Regulator of G protein signaling (RGS) proteins, and notably members of the RGS-R4 subfamily, control vasocontractility by accelerating the inactivation of Gα-dependent signaling. RGS5 is the most highly and differently expressed RGS-R4 subfamily member in arterial smooth muscle. Expression of RGS5 first appears in pericytes during development of the afferent vascular tree, suggesting that RGS5 is a good candidate for a regulator of arterial contractility and, perhaps, for determining the mass of the smooth muscle coats required to regulate blood flow in the branches of the arterial tree. Consistent with this hypothesis, using cultured vascular smooth muscle cells (VSMCs), we demonstrate RGS5 overexpression inhibits G protein-coupled receptor (GPCR)-mediated hypertrophic responses. The next objective was to determine which physiological agonists directly control RGS5 expression in VSMCs. GPCR agonists failed to directly regulate RGS5 mRNA expression; however, platelet-derived growth factor (PDGF) acutely represses expression. Downregulation of RGS5 results in the induction of migration and the activation of the GPCR-mediated signaling pathways. This stimulation leads to the activation of mitogen-activated protein kinases directly downstream of receptor stimulation, and ultimately VSMC hypertrophy. These results demonstrate that RGS5 expression is a critical mediator of both VSMC contraction and potentially, arterial remodeling.

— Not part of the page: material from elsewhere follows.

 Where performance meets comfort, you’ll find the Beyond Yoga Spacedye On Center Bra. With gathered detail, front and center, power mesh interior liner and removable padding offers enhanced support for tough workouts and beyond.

RGS5, RGS4, and RGS2 expression and aortic contractibility are dynamically co-regulated during aortic banding-induced hypertrophy.

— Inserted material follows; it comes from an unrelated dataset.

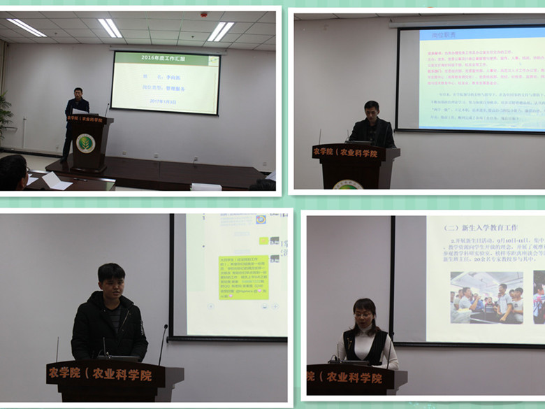 学院服务人员针对2016年的岗位职责、完成情况、所取得成绩和下一步的工作打算等方面进行了详细汇报。根据其展示与汇报,评委们从德、能、勤、绩等四个方面进行综合评价。考评会采取了匿名打分和无利益人员计分的方式,保证了服务人员年度工作考评会的公平、公正和公开。年度工作汇报,促进了工作交流,同时学院老师对服务人员的工作、成绩和作用有了更加全面的了解,促进学院老师和服务人员之间的工作配合,为学院各项事业的顺利开展奠定了基础。

Overexpression of regulator of G protein signaling 5 (RGS5) in arteries over veins is the most striking difference observed using microarray analysis. The obvious question is what arterial function might require RGS5. Based on functions of homologous proteins in regulating cardiac mass and G-protein-coupled receptor (GPCR) signaling, we proposed that RGS5 and vascular expressed RGS2 and RGS4 could participate in regulating arterial hypertrophy. We used the suprarenal abdominal aorta banding model to induce hypertension and hypertrophy. All 3 RGS messages were expressed in unmanipulated aorta with RGS5 predominating. After 2 days, thoracic aorta lost expression of RGS5, 4, and 2. At 1 week, all three returned to normal, and at 28 days, they increased many fold above normal. Valsartan blockade of angiotensin II (angII)/angII type 1 receptor signaling prevented upregulation of RGS messages but only delayed mass increases, implying wall mass regulation involves both angII-dependent and angII-independent pathways. The abdominal aorta showed less dramatic expression changes in RGS5 and 4, but not 2. Again, those changes were delayed by valsartan treatment with no mass changes. Thoracic aorta contraction to GPCR agonists was examined in aortic explant rings to identify vessel wall physiological changes. In 2-day aorta, the response to Galphaq/i agonists increased above normal, while 28-day aorta had attenuated induced contraction via Galphaq/i agonist, implicating a connection between RGS message levels and changes in GPCR-induced contraction. In vitro overexpression studies showed RGS5 inhibits angII-induced signaling in smooth muscle cells. This study is the first experimental evidence that changes in RGS expression and function correlate with vascular remodeling.